In Margaret Cezair-Thompson's engaging novel, May endures a galleon's worth of troubles, including tangled intrigue among louche, expatriate Brits, a home invasion by drug-addled thugs and the crude observations of a bisexual Frenchman who can't resist her resemblance to Errol Flynn, May's wayward, movie star father.
May comes through sad but wiser, poised to thrive on the north coast of Jamaica, the ancestral island home of her beautiful mother, Ida, and the adopted refuge of the scalawag Flynn.
Cezair-Thompson, author of "The True History of Paradise" and a creative writing instructor at Wellesley College, brings a smart, lilting voice and a sharp, quirky perspective to a tried-and-true literary formula, the sweeping historical epic. By taking the classic question familiar to all storytellers -- "What if?" -- and marrying it to the classic advice of fiction-writing teachers -- "Write what you know" -- Cezair-Thompson unravels a surprising yarn that is rich, salty and ultimately satisfying.
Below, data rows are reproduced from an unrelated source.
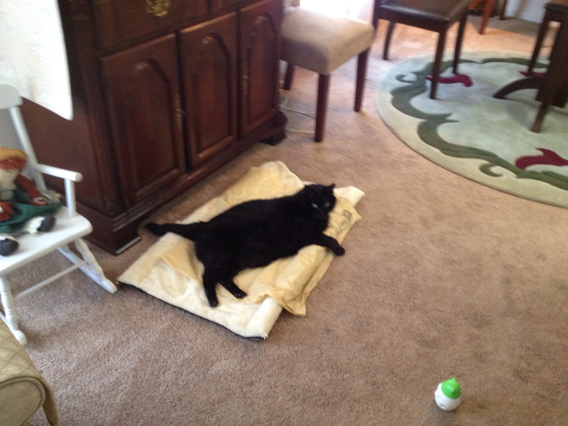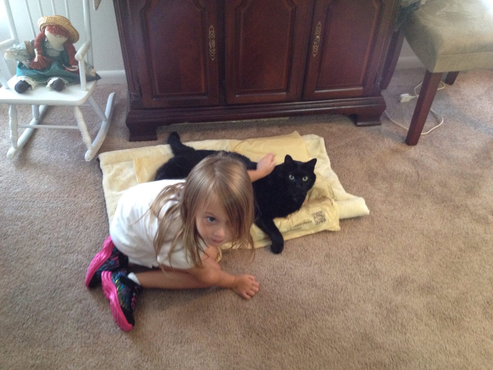 Daddy and me are taking care of Peter this week for grandmom and poppy.  I gave him treats while daddy scooped and fed him. Then we gave him snuggled.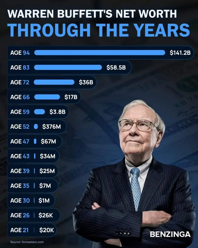Cela explique pourquoi Warren Buffett a construit la majorité de sa fortune durant ses vieux jours. Voici à quoi cela ressemble: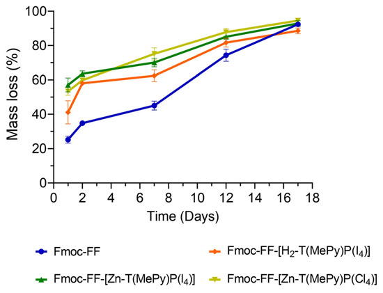 In order to assess the degradation rate of the peptide hydrogels in vitro, their mass loss was investigated after immersion in PBS at 1, 2, 7, 12, and 17 days (Figure 8). The Fmoc-FF hydrogel showed the lowest degradation percentage with a mass loss of 25 ± 2%, followed by 40 ± 7% of the Fmoc-FF-[H2-T(MePy)P(I4)] hydrogel within 24 h. At day 2, their mass loss increased by an additional 15 ± 1% and 20 ± 1%, respectively. However, the Fmoc-FF-[Zn-T(MePy)P(I4)] and Fmoc-FF-[Zn-T(MePy)P(Cl4)] hydrogels exhibited a higher degradation percentage on the first day, reaching approximately 55 ± 2% and 60 ± 4%, respectively, and finally reached 93 ± 2% on day 17. The Fmoc-FF-[H2-T(MePy)P(I4)] hydrogel reached a degradation percentage of 90 ± 2%, while the Fmoc-FF hydrogel reached a maximum mass loss of 90 ± 3% on day 17.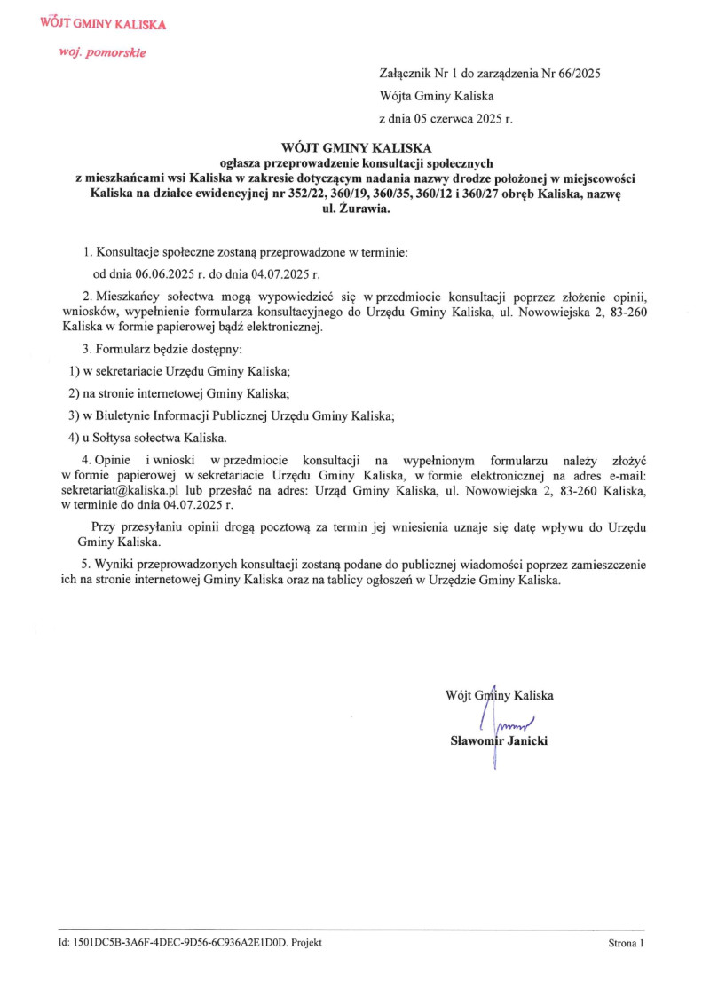 Ogłoszenie o konsultacjach społecznych z mieszkańcami wsi Kaliska
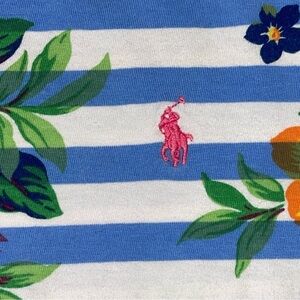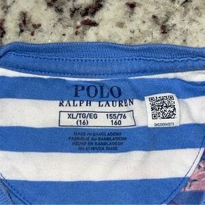 Polo Ralph Lauren Striped Floral Jersey Tee Girls XL 16 Blue Cotton Kids Youth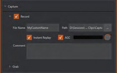 Each Switcher source has a Capture group in the Input tab. This control group shows settings and options for grabbing still images and, for appropriate sources, recording. These important capabilities are discussed in full in Record, Grab and Replay. The controls shown in are detailed in Record.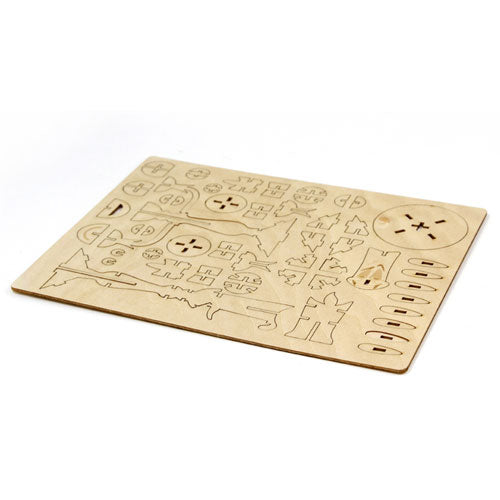 - Perforado: contiene una hoja de madera certificada FSC cortada con láser con piezas fácilmente extraíbles.

What if Flynn had fathered a Jamaican child during his years on the West Indian island? And what if that daughter decided to write a pirate story that draws on her life among treasure hunters, restless ghosts, proper Jamaican ladies and randy old Englishmen?
Cezair-Thompson convincingly threads May's pirate tale, dubbed "Treasure Cove," throughout the novel, with passages that sound as if they were scratched out by Anne Bonny or any other notorious buccaneers who trafficked the Caribbean in the 18th century.
"I shall now proceed to furnish you with the details of my misfortunes as they occurred with no exaggeration," writes May in "Treasure Cove." But as the multi-generational drama of "The Pirate's Daughter" sails along, her own life ultimately outstrips any imagined tales of pirate peril and derring-do.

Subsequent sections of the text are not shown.